ADDIS ABABA (Reuters) - Ethiopia may not need any food aid within five years thanks to an ambitious development plan that targets a heady average economic growth of 14.9 percent over the period, its prime minister said Wednesday.

The Horn of Africa nation is still one of the world's poorest countries, with nearly 10 percent of the population relying on emergency food aid last year.

But the government has posted high economic growth figures over the past five years, averaging about 11 percent, although the opposition says they are inflated to attract investment.

"In the future, we will feed ourselves and we will be able to manage our own forms of social security," Prime Minister Meles Zenawi told reporters. "I don't think that is impossible. I think it's quite achievable over the next five years."

Ethiopia is one of the world's biggest recipients of foreign aid, receiving $3.3 billion (2.1 billion pounds) worth of help in 2008, according to the Paris-based Organisation for Economic Cooperation and Development.

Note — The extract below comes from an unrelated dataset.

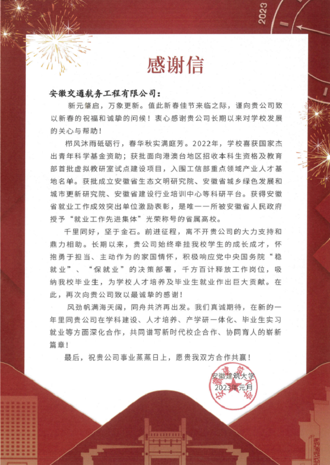 1月19日,安徽交航公司收到安徽建筑大學(xué)發(fā)來的感謝信。信中表示,安徽交航公司長期以來吸納安徽建筑大學(xué)畢業(yè)生,為學(xué)校人才培養(yǎng)及畢業(yè)生就業(yè)作出巨大貢獻,特向我公司表示感謝。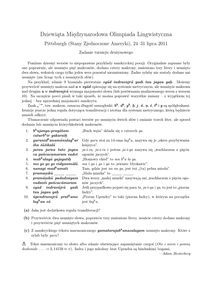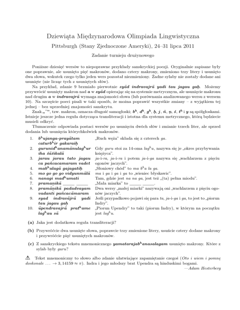 Dziewiąta Międzynarodowa Olimpiada Lingwistyczna Pittsburgh (Stany Zjednoczone Ameryki), 24–31 lipca 2011 Zadanie turnieju drużynowego Poniższe dziesięć wersów to niepoprawne przykłady sanskryckiej poezji. Oryginalnie zapisane były one poprawnie, ale usunięto pięć makronów, dodano cztery makrony, zmieniono trzy litery i usunięto dwa słowa, wskutek czego tylko jeden wers pozostał niezmieniony. Żadne sylaby nie zostały dodane ani usunięte (nie licząc tych z usuniętych słów). Na przykład, zdanie 9 brzmiało pierwotnie syād indravajrā yadi tau jagau gah . . Możemy przywrócić usunięty makron nad a w syād opierając się na systemie metrycznym, ale usunięcie makronu nad drugim a w indravajrā wymaga znajomości słowa (lub porównania analizowanego wersu z wersem 10). Na szczęście poeci pisali w taki sposób, że można poprawić wszystkie zmiany – z wyjątkiem tej jednej – bez uprzedniej znajomości sanskrytu. h Znak „¯”, tzw. makron, oznacza długość samogłoski; bh , dh , gh , h . , j , ñ, n . , ś, t i y są spółgłoskami. Istnieje jeszcze jedna reguła dotycząca transliteracji i istotna dla systemu metrycznego, którą będziecie musieli odkryć. Tłumaczenie odpowiada postaci wersów po usunięciu dwóch słów i zmianie trzech liter, ale sprzed dodania lub usunięcia którychkolwiek makronów. 1. 2. 3. 4. 5. 6. 7. 8. 9. 10. bh ujanga-prayātam caturbh ir gakaraih . gurunidh anamānulagh ur iha śāśikalā jarau jarau tato jagau ca pañcacamaram vadet mabh alagā gajagatih . mo go go go vidyunmālā nanagi madh umati praman . ikā pramān . ikā padadvayam vadanti pañcacāmaram syad indravājrā yadi tau jagau gah . ūpendravajrā prath ame lagh au sā „Ruch węża” składa się z czterech ga. Gdy guru stoi za 14-oma lagh u, nazywa się je „okres przybywania księżyca”. ja-i-ra, ja-i-ra i potem ja-i-ga nazywa się „wachlarzem z pięciu ogonów jaczych”. „Słoniowy chód” to ma bh a la ga. ma i ga i ga i ga to „wieniec błyskawic”. Tam, gdzie jest na na ga, jest też „(ta) pełna miodu”. „Mała miarka” to . Dwa wersy „małej miarki” nazywają oni „wachlarzem z pięciu ogonów jaczych”. Jeśli przypadkowo pojawi się para ta, ja-i-ga i ga, to jest to „piorun Indry”. „Piorun Upendry” to taki (piorun Indry), w którym na początku jest lagh u. (a) Jaka jest dodatkowa reguła transliteracji? (b) Przywróćcie dwa usunięte słowa, poprawcie trzy zmienione litery, usuńcie cztery dodane makrony i przywróćcie pięć usuniętych makronów. (c) Z sanskryckiego tekstu mnemonicznego yamatarajabh anasalagam usunięto makrony. Które z sylab były guru? ! Tekst mnemoniczny to słowo albo zdanie ułatwiające zapamiętanie czegoś (Oto i wiem i pomnę ! doskonale . . . → 3, 14159 ≈ π). Indra i jego młodszy brat Upendra są hinduskimi bogami. —Adam Hesterberg 2 Dziewiąta Międzynarodowa Olimpiada Lingwistyczna (2011). Zadanie turnieju drużynowego Rozdane na początku Następujące uwagi będą w pewnym momencie podane jako wskazówki: znaczenie guru, reguły poetyckie oraz (w trzech podpowiedziach) użycie yamatarajabh anasalagam. Odpowiedzi po 30 minutach Drużyna: (a) Jaka jest dodatkowa reguła transliteracji? . (b) • Usunięte słowa: , • Zmienione litery: 1. 2. 3. • Słowa z dodanymi makronami: 1. Drugie a w wyrazie indravājrā w wersie 9. 2. 3. 4. • Słowa z usuniętymi makronami: 1. Litera a w wyrazie syad w wersie 9. 2. 3. 4. 5. (c) Które z sylab w yamatarajabh anasalagam były guru? (+) Uwagi dotyczące problemu (w razie potrzeby korzystajcie z odwrotu kartki): . 3 Dziewiąta Międzynarodowa Olimpiada Lingwistyczna (2011). Zadanie turnieju drużynowego Rozdane po 30 minutach Sugerujemy, by porównać wersy 3 i 8 oraz 9 i 10. (To jedynie wskazówka, nie uwaga, za którą przyznane by były punkty). Sylaba jest guru wtedy i tylko wtedy, gdy zawiera długą samogłoskę, dyftong lub zakończona jest spółgłoską. Podział na sylaby jest niezależny od podziału na słowa. Sekwencja typu VCV dzieli się jak V-CV, natomiast typu VCCV, tak jak VC-CV. Litera a w sylabie 12 w wersie 2 ma dodany makron. Odpowiedzi po 60 minutach Drużyna: (a) Jaka jest dodatkowa reguła transliteracji? . (b) • Usunięte słowa: , . • Zmienione litery: 1. 2. 3. • Słowa z dodanymi makronami: 1. Drugie a w wyrazie indravājrā w wersie 9. 2. Litera a w sylabie 12 w wersie 2. 3. 4. • Słowa z usuniętymi makronami: 1. Litera a w wyrazie syad w wersie 9. 2. 3. 4. 5. (c) Które z sylab w yamatarajabh anasalagam były guru? (+) Uwagi dotyczące problemu (w razie potrzeby korzystajcie z odwrotu kartki): Sylaba jest guru wtedy i tylko wtedy, gdy zawiera długą samogłoskę, dyftong lub zakończona jest spółgłoską. Podział na sylaby jest niezależny od podziału na słowa. Sekwencja typu VCV dzieli się jak V-CV, natomiast typu VCCV, tak jak VC-CV. 4 Dziewiąta Międzynarodowa Olimpiada Lingwistyczna (2011). Zadanie turnieju drużynowego Rozdane po 60 minutach Sugerujemy, by wszyscy członkowie drużyny zapoznali się z każdą częścią zadania oraz ze wszystkimi wskazówkami, ponieważ niektóre z nich mogą okazać się istotne nawet w nieoczekiwanych miejscach. (To jedynie wskazówka, nie uwaga, za którą przyznane by były punkty). Każdy wers opisuje metrum, w którym jest zapisany. Ostatnie g w wersie 1 jest niepoprawne. Odpowiedzi po 90 minutach Drużyna: (a) Jaka jest dodatkowa reguła transliteracji? . (b) • Usunięte słowa: • Zmienione litery: 1. Ostatnie g w wersie 1 było pierwotnie 2. 3. , . . • Słowa z dodanymi makronami: 1. Drugie a w wyrazie indravājrā w wersie 9. 2. Litera a w sylabie 12 w wersie 2. 3. 4. • Słowa z usuniętymi makronami: 1. Litera a w wyrazie syad w wersie 9. 2. 3. 4. 5. (c) Które z sylab w yamatarajabh anasalagam były guru? (+) Uwagi dotyczące problemu (w razie potrzeby korzystajcie z odwrotu kartki): Sylaba jest guru wtedy i tylko wtedy, gd

The country's new five-year plan predicts a "base-case" scenario of 11 percent average growth and a "high-case scenario" of 14.9 percent average growth.

Ethiopia hopes to exploit growing business ties with China, India and Turkey and is also trying to attract visitors from those countries to boost its largely untapped tourism sector.

China has this year invested in road building, hydropower and windfarm projects in the impoverished nation, including almost $1 billion in two dam projects.

INFRASTRUCTURE BOOST

Ethiopia says the agricultural output upon which the country's economy overwhelmingly relies will be doubled by 2015 by encouraging investment and large-scale farming. Ethiopia is Africa's biggest coffee exporter and the world's fourth largest exporter of sesame.

"I think that this is a very ambitious plan but at the very least the base-case scenario is doable," Meles said. "The high-case scenario is not unimaginable."

The Ethiopian government predicts growth of about 10 percent for 2010/2011. The International Monetary Fund says the economy will grow by 7 percent.

Ethiopia's economic climate is watched by foreign investors interested in commodity exports and its potential oil and gas reserves.

The country is one of Africa's largest potential markets -- with a population of about 80 million -- and most of its people have no telephones or bank accounts.

Meles, who was returned to power for five more years in a disputed May election victory, has ruled out privatising the banking and telecommunications sectors despite pressure from Western donors to do so.

The former rebel told Reuters in an interview on election day that improving Ethiopia's energy supply and expanding its industries would be his priorities for the next five years, after which he would retire.

The plan, called "Growth and Transformation," also predicts a huge expansion of infrastructure, with the country's power production set to increase from 2,000MW to 10,000MW and the construction of 2,395 km of railway lines.

Ethiopia plans to spend $12 billion over 25 years on realising its ambition of become a power exporter on a continent where shortages are common and cost industry dear.